最後に:スタッフが暇なのは、経営者の責任

「スタッフが暇そうにお喋りしている……」とイライラしてしまう先生もいるかもしれません。でも、私はこう考えています。

「忙しくさせてあげられない(集患できていない)のは、経営者の責任である」

スタッフと経営者は、どうしても同じ目線には立てません。人件費を固定費(投資)として捉え、いかに彼らが働きやすい環境(予約投稿や診察補助の配置など)を整えるかが院長の仕事です。

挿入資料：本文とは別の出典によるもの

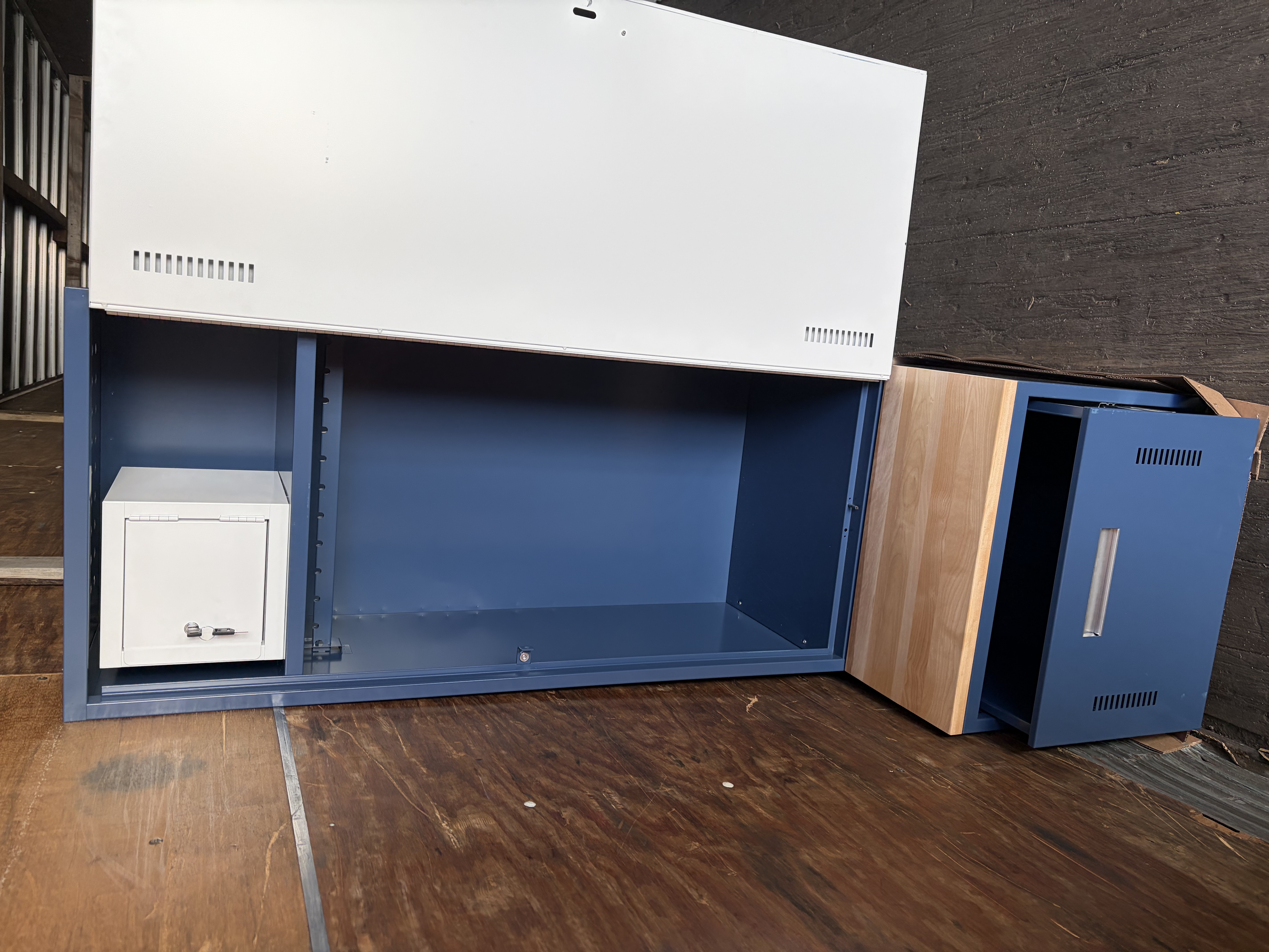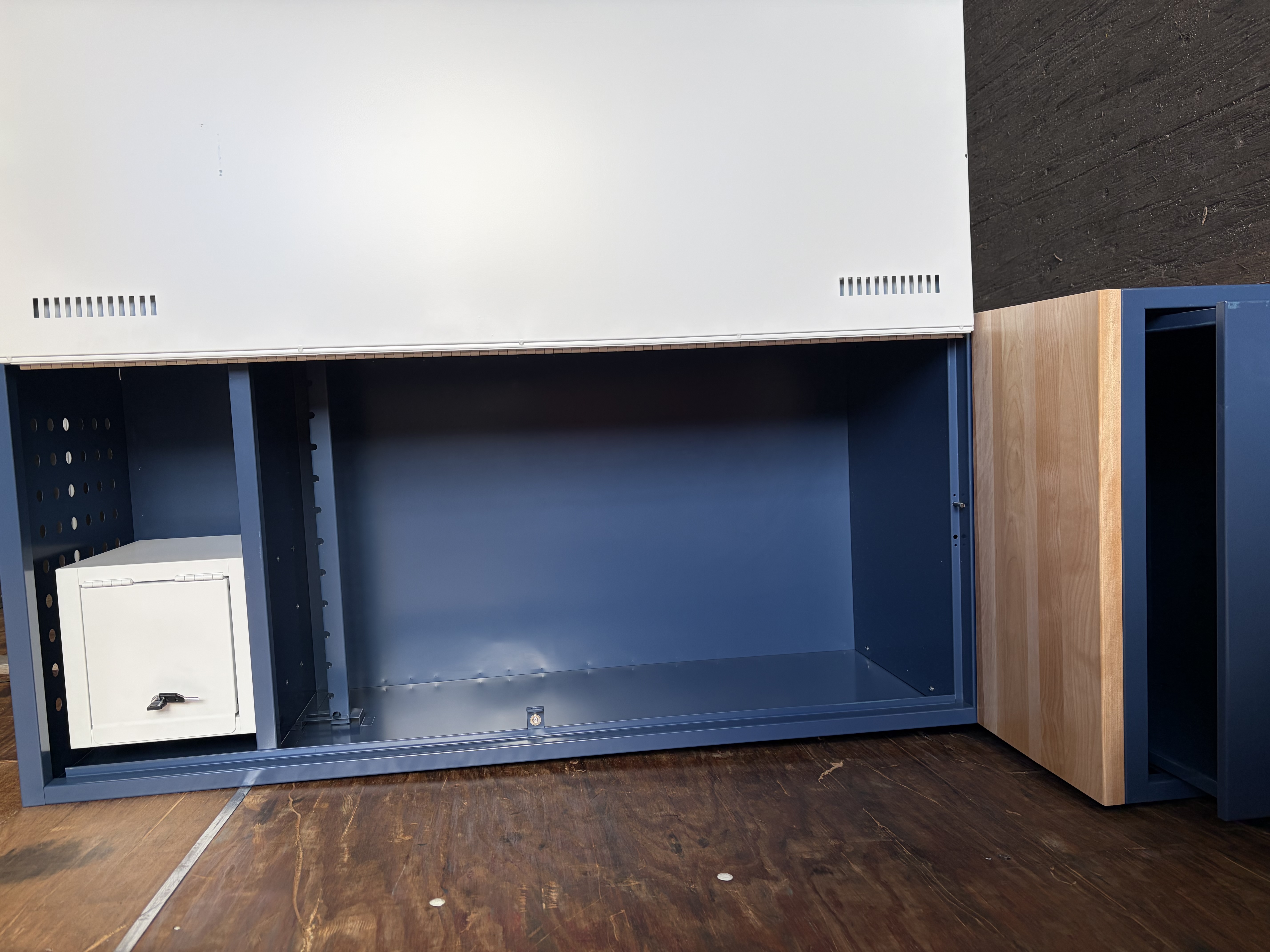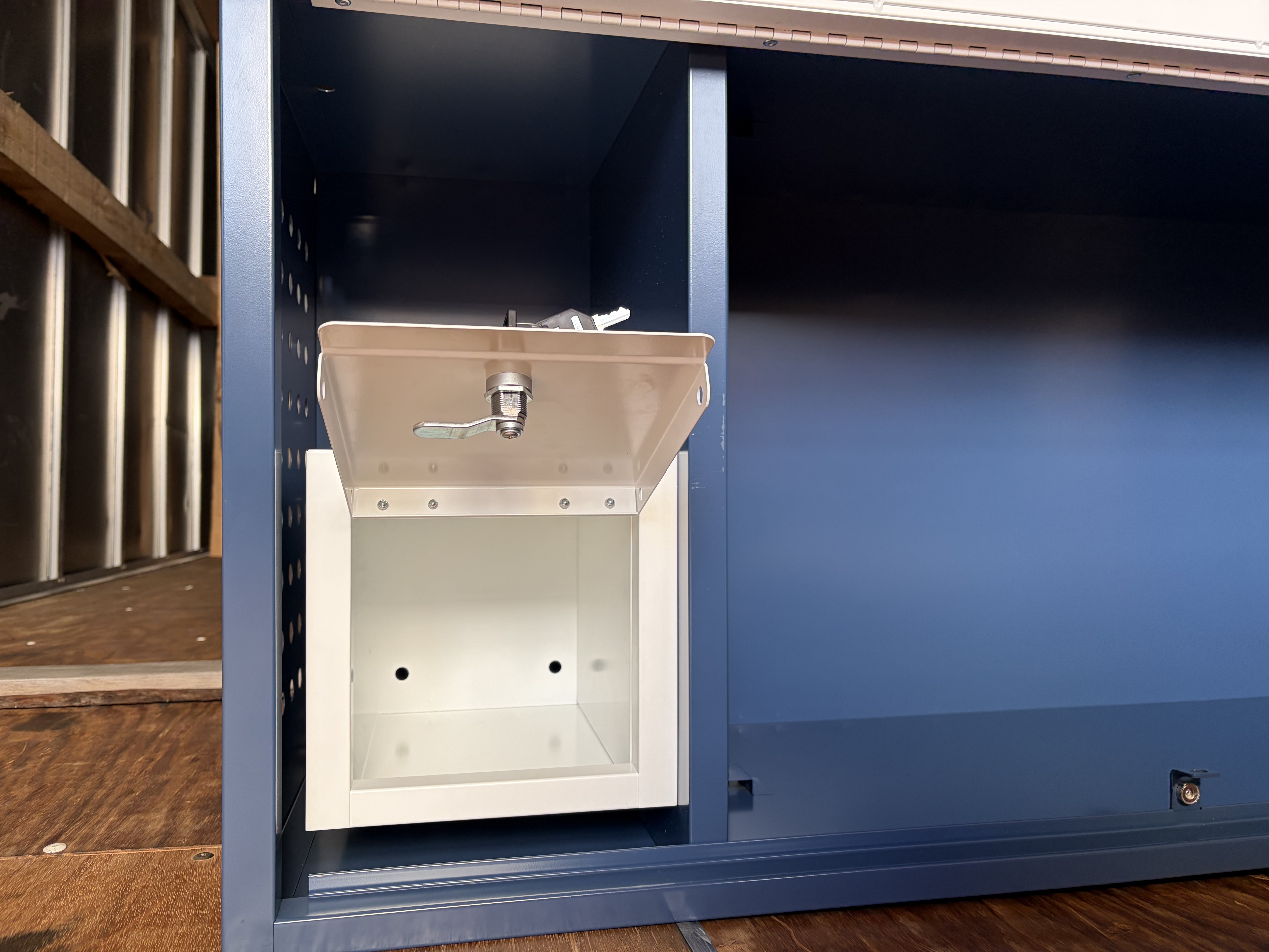 Casier vestiaire 1 porte avec banc et coffret de sécurité Dimension du casier: 24 po de large x 18 po de profond x 72 po de haut Banc: 24 po de large x 30 po de profondeur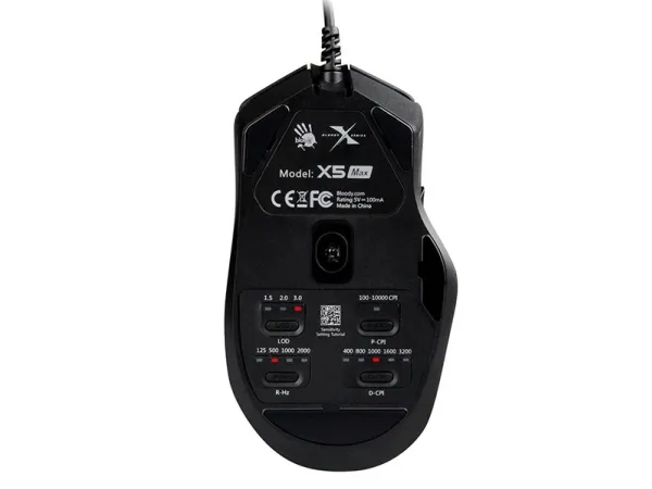 4 Customizable Sensor SensitivityCraft your gaming with the 4 on-board adjustable performance switches, P-CPI, D-CPI, LOD, Setting (Lift Off Distance) and Report Rates. With the performance switches, the mouse can be an extension of you in the game world and effortlessly translate whatever you're doing on your desk to the game with pinpoint precision.Personalized Customizable CPI ButtonClick P-CPI button to cycle through the tuned CPI selection LED parameters. If you wish to tune the parameter, please press and hold P-CPI button for 3s, the indicator LED will flash, scrolling the wheel upward will increase CPI and scrolling downward will decrease CPI. Press P-CPI button to set the desired CPI setting then the LED will become solid. And CPI can be restored as 1000 CPI by pressing the left, middle, right button at the same time for 5s. Your ideal CPI setting will depend on your body measurements, monitor resolution, and physical dexterity. It will take some experimenting to find out the perfect mouse speed for you.3-Manual Adjustable Lift off Distance Setting [LOD]Press the LOD button to cycle switch the lift off distance between 1.5 mm | 2.0 mm | 3.0 mm. Personalized the Lift Off Distance to pair with your surrounding gaming habits. Customize LOD that best provides the accuracy and controllability for you.4-Manual Adjustable Report Rate [R-Hz]Shift between available Report Rates (125, 500, 1000, 2000 Hz) best suitable for your gaming sessions.Texturized Rubber GripsErgonomic sides with rubberized texture grips to help you get a solid hold during intensive gaming sessions.AFC SystemInspired by the design of the lever, split key and bigger right button ensure button function in all position. X5 Max features more comfortable shape, wonderful UV surface, reasonable weight these are perfect for all grips (Palm, Claw, and Tip).RGB Lighting Effects SettingPress the 4th and 5th buttons at the same time, you can switch between 12 RGB lighting effects with the wheel to scroll up and down, the lighting effect will be saved after releasing the buttons.BLOODY X5 Max. Form factor: Ambidextrous. Device interface: USB Type-A, Movement resolution: 10000 DPI, Buttons type: Pressed buttons, Buttons quantity: 4, Scroll type: Wheel, Acceleration (max): 35 G. Illumination colour: Multi. Power source: Cable. Product colour: Black

正社員とパートのバランスを見直すだけで、クリニックの経営は驚くほど軽やかになります。もし、採用や配置で悩んでいる先生がいれば、ぜひ一度「少数精鋭の正社員+柔軟なパート」という布陣を検討してみてください。

まとめ
正社員は最小限(各院2名)に絞り、ボーナスや社保等の固定費を抑えつつ、急な欠員にも強いしなやかな組織を作る。・配置は「受付1名・診察補助1名」が最適。正社員を各部署1名にすることで、現場のパワーバランスを安定させる。・特に優秀な「診察補助」の育成が、医師の生産性を最大化し、1時間の診察人数を25%以上向上させる鍵となる。

・スタッフとの連絡はChatworkの予約投稿を活用。経営者の「深夜の思いつき」による負担を避け、適切な距離感を保つ。

・暇なスタッフに苛立つのではなく、「集患できないのは経営者の責任」と割り切り、人件費を固定費として管理する。